▶ Task goal
Transcribe the data that follows without changing a word, and omit the pictures.

▶ Source data
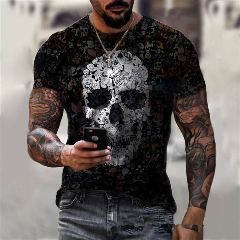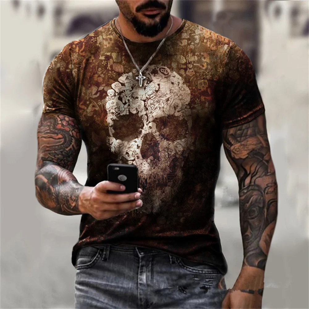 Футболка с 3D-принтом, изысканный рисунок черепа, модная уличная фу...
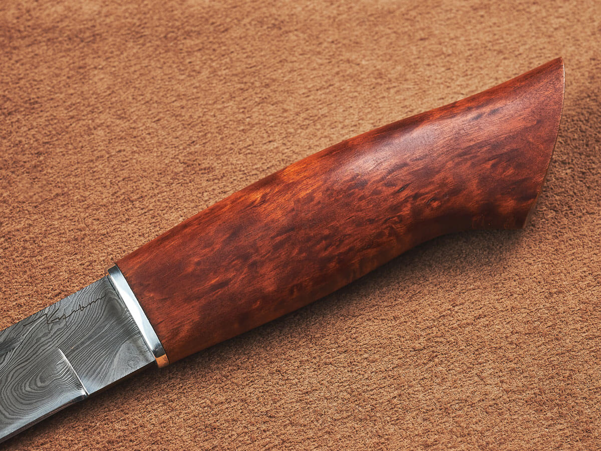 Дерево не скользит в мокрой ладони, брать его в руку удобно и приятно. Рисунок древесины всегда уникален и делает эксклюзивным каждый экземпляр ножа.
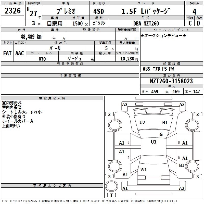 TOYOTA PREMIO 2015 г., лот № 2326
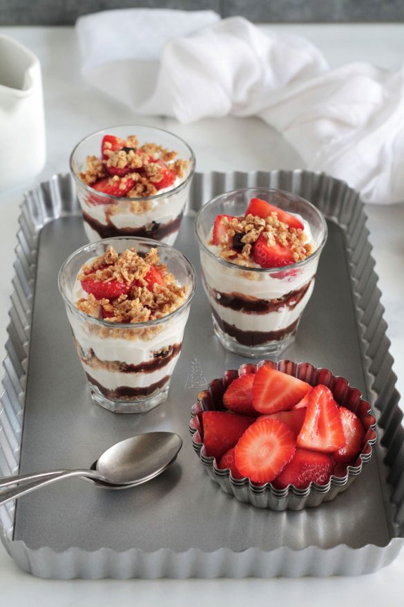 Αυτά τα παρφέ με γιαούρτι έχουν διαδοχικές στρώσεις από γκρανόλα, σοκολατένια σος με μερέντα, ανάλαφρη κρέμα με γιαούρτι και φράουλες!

▶ Exercise result
 Футболка с 3D-принтом, изысканный рисунок черепа, модная уличная фу...
 Дерево не скользит в мокрой ладони, брать его в руку удобно и приятно. Рисунок древесины всегда уникален и делает эксклюзивным каждый экземпляр ножа.
 TOYOTA PREMIO 2015 г., лот № 2326
 Αυτά τα παρφέ με γιαούρτι έχουν διαδοχικές στρώσεις από γκρανόλα, σοκολατένια σος με μερέντα, ανάλαφρη κρέμα με γιαούρτι και φράουλες!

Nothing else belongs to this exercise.